The maid had taken her place with her sewing behind the bed-curtains to be within call if needed. Every now and then she glanced towards the motionless figure in the arm-chair. They had declared below-stairs that the "Fräulein from the mill" would be the worst sufferer from the master's failure, but it seemed to Nanni that a girl who had just lost half a million must show it in some despairing way, and not look at all like the fair young creature who, with a bandage about her brow, and dressed in soft creamy white, sat watching by the bedside, grave but composed, and motionless as a statue. "So young, but so steady, so fresh and blooming, but with so little care for the good things of life," the maid thought after true lady's-maid fashion: the beautiful Fräulein packing up her trousseau in a neighbouring apartment was far wiser. She was taking care of everything belonging to her; sending her maid up- and down-stairs for every pocket-handkerchief that might have been mislaid; she was determined to lose nothing—nothing. Ah, she had always known how to take care of herself, and was just as rich as ever: she had not lost a penny. Now she was going to set off for L—— before her lover, with all her trunks and boxes, and so got rid of the trouble that might come upon the villa at any moment. It was vexing enough, but everything prospered with her; she might do as she pleased, and every one thought it all perfectly right. Suddenly there was such a noise in the trousseau-room that the sick girl started and moaned in her sleep.
"Fräulein Flora is packing up her things there," Nanni said, with affected unconcern, as Kitty started up and laid her hand soothingly upon that of her half-awakened sister.
Henriette's boudoir separated the two rooms, and Flora had of course supposed that no noise she made could be heard in this bedroom, or she would have been more careful in having her trunks moved. Kitty arose, and, closing behind her the door of the bedroom, crossed the sitting-room and entered the apartment whence the noise proceeded.

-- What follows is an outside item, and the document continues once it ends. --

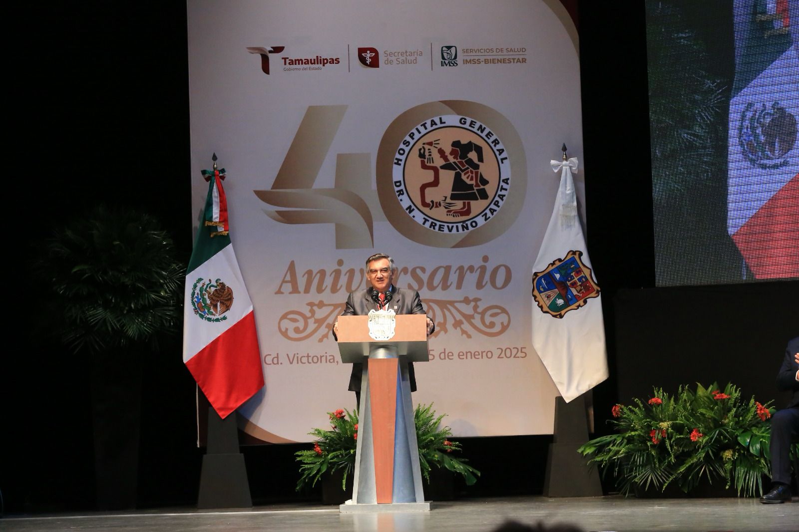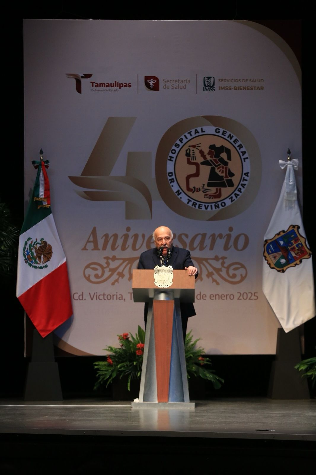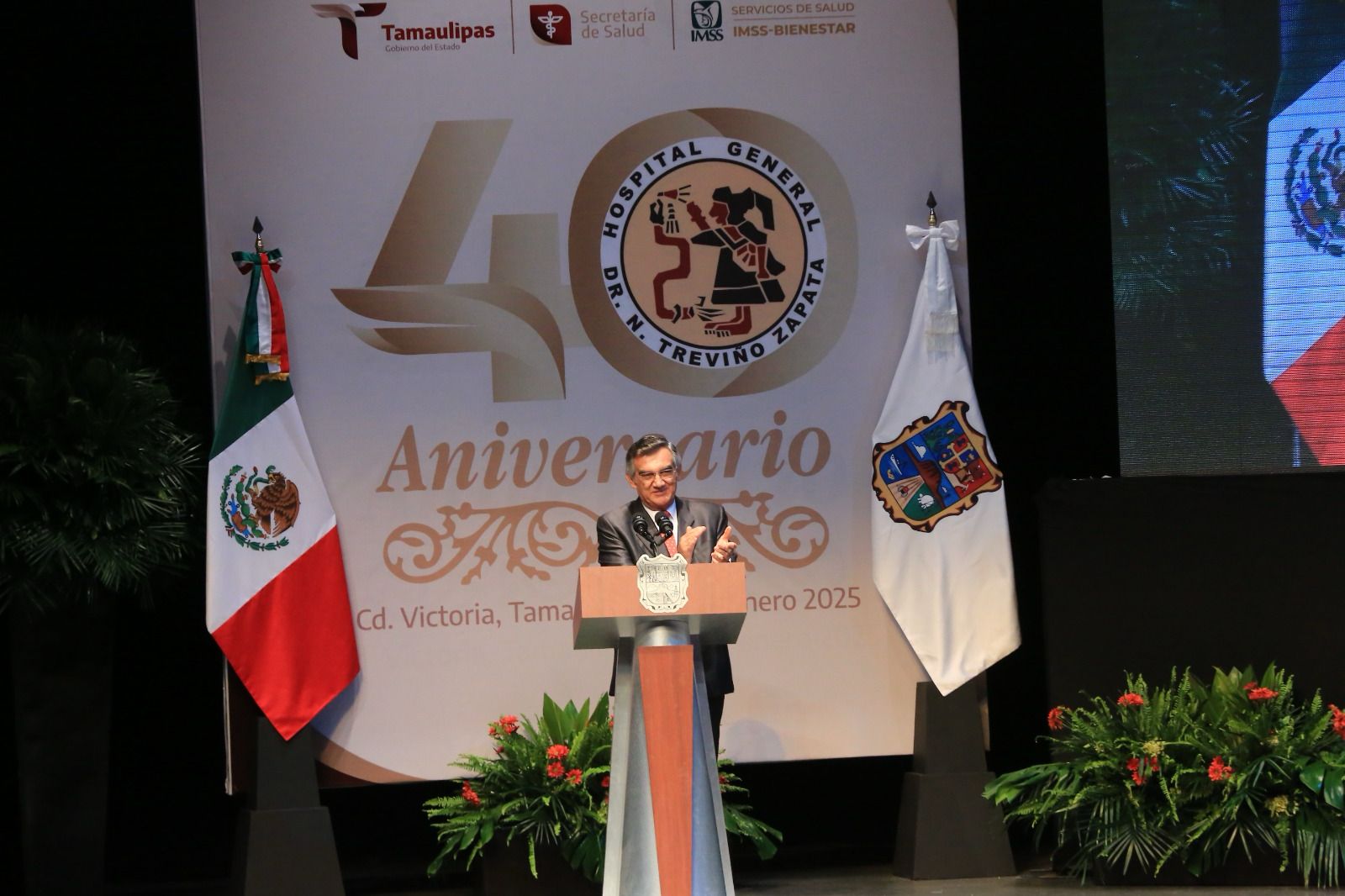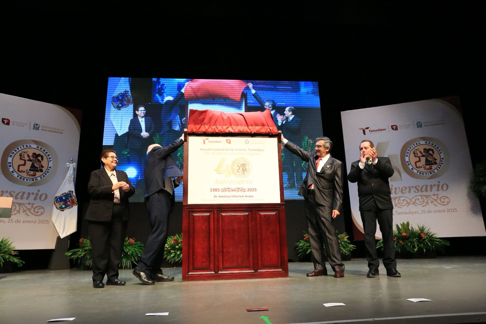 A 40 años de su fundación el Hospital General “Dr. Norberto Treviño Zapata”, hoy IMSS-Bienestar, se ha convertido en símbolo de calidad, esfuerzo y trabajo y es referencia para 400 mil tamaulipecas y tamaulipecos, sin seguridad social en la zona centro del estado, afirmó el gobernador Américo Villarreal Anaya.

Flora uttered a low cry—whether from fright or vexation was doubtful—as the tall white figure appeared upon the threshold and in a low voice begged for quiet for her sleeping sister.

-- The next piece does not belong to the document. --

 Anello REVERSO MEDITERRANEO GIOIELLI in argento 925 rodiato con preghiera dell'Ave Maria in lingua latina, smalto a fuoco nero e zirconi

"I am sorry. I did not think the noise made in moving the trunks could be heard in Henriette's bedroom," she said, curtly. "You glide about so white and noiseless that one might suppose the ghostly Baumgarten ancestress, now that her wanderings in the tower are no longer possible, had taken up her abode in the villa. Mischief enough attends you. A good Christian ought to cross herself three times at sight of you."